Wishart retches, backs away, avoids
the greasy blood congealing on the stones.
He runs, and hears the burning man’s refrain:
 
the Bible is for everyone. The ploughboy
shall defy the Pope and read the book himself.
The logic never left him: George becomes
a man of letters, then he preached the word
of god direct. Forget your Pope: he’s vain,
he told the serfs. The Cardinals? They’re eating you
for lunch. And as for Mary, baby Queen
 
you watch her. She’s not what she seems.
The Cardinal took ill to this, though George
had one disciple who’d avenge his death,
and more: a man called Knox. The rest is history.
Their great cathedral, built on solid rock
was god’s glory, as translated by mankind.
But sandstone by its very name’s just sand…
 
O, god, and godis; and fae wie the god’s mair richt
than the ain afore o’ syne. Och, ye lourd men,
come ye hame, come doon tae the bed o’th’sea
where bells’ll knell for ain and aa’ o’thee.
 
The buttresses and keystones fell –
loosened, plummeting like dragon’s teeth,
crashing through the nave and transept roof,
cracking slabs of granite, thudding to turf
blackened with soot and smoke and steeped in blood.
The only choir that lingered was the wind,
like selkies, wailing over empty fens:
 
Come home, our Patrick Hamilton
come home, our George, and all of you
who fell to the discords men must make
of god, and gods, and whose god is more righteous
than the last god or the next. Oh foolish men,
come home, come to the bottom of the sea
where bells shall toll for one and all of thee.
 
And so the buttresses and keystones fell –
loosened, raining down like dragon’s teeth,
crashing through the nave and transept roof,
cracking slabs of granite, thudding to turf
blackened with soot and smoke and steeped in blood.

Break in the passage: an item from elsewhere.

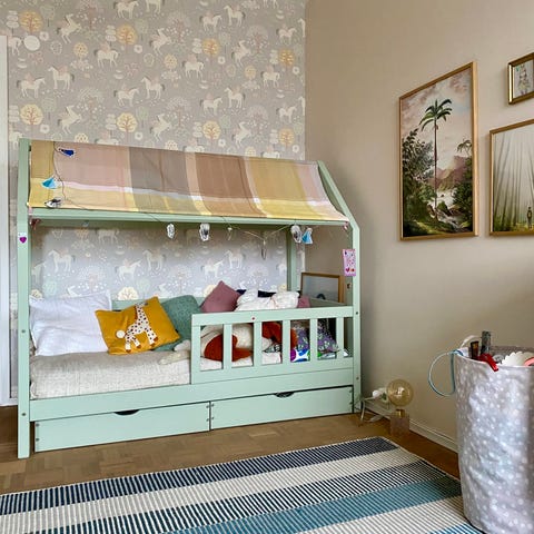 CASTILLO-lastensänky FSC-merkittyä massiivimäntyä. Puunväriset osat ovat käsittelemättömiä ja muut osat maalattuja. Sänky on kuin pieni talo, jossa nukutaan yöt ja leikitään päivät. Nukut kuin mökissä! Yhdistä sänkyyn patja 90x200 cm. Patja ei sisälly toimitukseen. Osittain koottava.

The ghostly choir that lingered was no wind,
but selkies, calling in our Selkie tongue:
 
come hame, our Padruig Hameldane
come hame, our Deòrsa, come all o’ ye
who fell ower the brekis men moun mak
o’ god, and godis; and fae wie the god’s mair richt
than the ain afore o’ syne. Och, ye lourd men,
come ye hame, come doon tae the bed o’th’sea
where bells’ll knell for ain and aa’ o’thee.